Рекомендуем книги по теме

С ума сойти! Путеводитель по психическим расстройствам для жителя большого города

Дарья Варламова, Антон Зайниев

Одно расстройство. Как жить с ментальными особенностями

Алина Белят

Беспокойный ум: Моя победа над биполярным расстройством

Кей Джеймисон

Семь лет в «Крестах»: Тюрьма глазами психиатра

Алексей Гавриш

Посвящаю

Константину Луцишину,

моему другу и коллеге.

Вслед за ним я пошел изучать зависимость

и открыл свободу

Предисловие

Много лет назад некий молодой человек, носивший мое тело и управлявший моей судьбой, выбрал медицину. Он стал психиатром, аддиктологом, психотерапевтом. Этот выбор привел его в мир, наполненный ненастоящей радостью и настоящей болью.

Я работаю с зависимыми пациентами 20 лет. Начинал как типичный постсоветский нарколог — из тех, что «кодируют», гипнотизируют и всячески внушают идею, будто зависимость — это тяжелая болезнь, но ее можно вылечить таинственным быстрым способом. Однако современная наука говорит, что зависимость — не столько то, чем заболел мозг, сколько то, чему он научился, и что для преодоления зависимости нужны длительная работа, пересмотр, переосмысление того поведения, которое не соответствует жизненным ценностям человека, а также ежедневные направленные усилия в соответствии с этим переосмыслением.

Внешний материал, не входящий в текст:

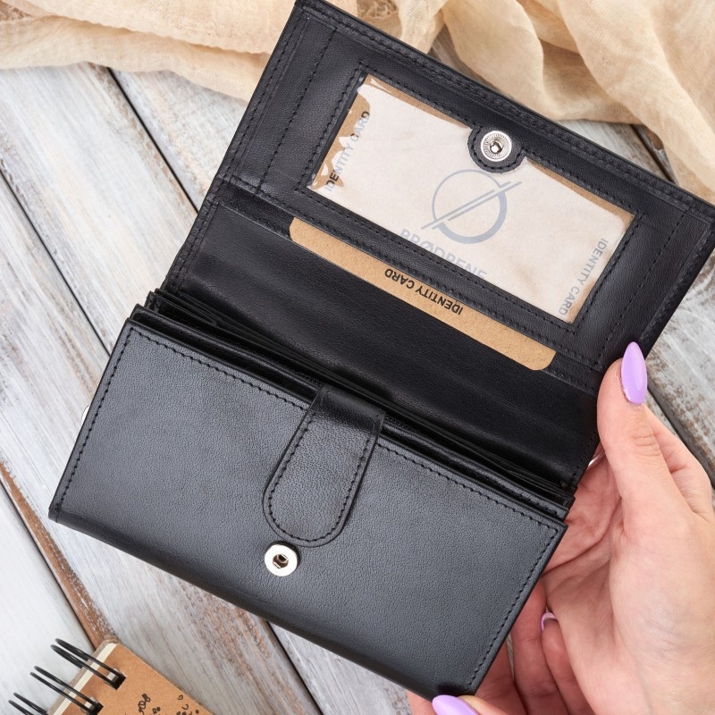 Portfel G-32 jest dedykowany kobietom, które na co dzień potrzebują sporo miejsca do przechowywania, szczególnie na karty kredytowe. Dzięki podwójnej napie na przodzie, zapniesz portfel nawet wtedy, gdy jest on wypełniony po brzegi! Co więcej, nie straci swojego kształtu… Wewnątrz znajduje się także podwójna komora na bilon (zapinana na suwak), dwie przegrody na gotówkę, schowek oraz półtransparentna kieszeń na zdjęcia bliskich Ci osób. Wewnątrz portfela znajdują się dwa schowki po długości oraz dwanaście przegródek na katy kredytowe.

Пациенты с синдромом зависимости помогли мне понять, в чем они действительно нуждаются для перехода в осознанную, осмысленную жизнь с трезвой головой. Я соотнес это с тем, что известно современной науке. И мне удалось на стыке реальных человеческих потребностей и строгих научных фактов вместе с зависимыми, в одной с ними команде, создать ориентированную на науку программу множественных поведенческих изменений для людей с зависимостью.

В главах этой книги можно встретить слова «алкоголик», «наркоман», «аддикт», «зависимый». Я прибегал к ним тогда, когда они больше всего подходили к соответствующему семантическому контексту. Что касается моей персональной семантики, для меня люди с зависимостью — это люди, и я не считаю нужным их как-то отдельно называть.

Я благодарен тысячам пациентов: каждый из них меня чему-то научил. И прошу прощения у тех, кому не смог помочь. Люди, о которых я рассказываю в книге, — мои реальные пациенты, друзья, знакомые. Я изменил имена пациентов и узнаваемые детали их историй в соответствии с этическими требованиями, действующими в моей профессии. Многие аддикты охотно рассказывают свои истории и не хотят анонимности, борясь таким образом со стигматизацией аддикций, — что ж, их имена я оставил без изменений.

Хочу перечислить людей, чье влияние на меня как на профессионала и человека, на программу Sober One, на судьбу этой книги было невероятно сильным. Это Яков Юдельсон, Анна Фофанова, Олег Овсянников, Илья Максимов, Николай Картозия, Олег Зябликов. Отдельная благодарность Ивану Мартынихину за научную редактуру текста книги. И мне очень повезло, что рукопись попала к Александре Казаковой и Наталии Быковой: благодаря их заботе и профессионализму эта книга получила жизнь. Спасибо вам!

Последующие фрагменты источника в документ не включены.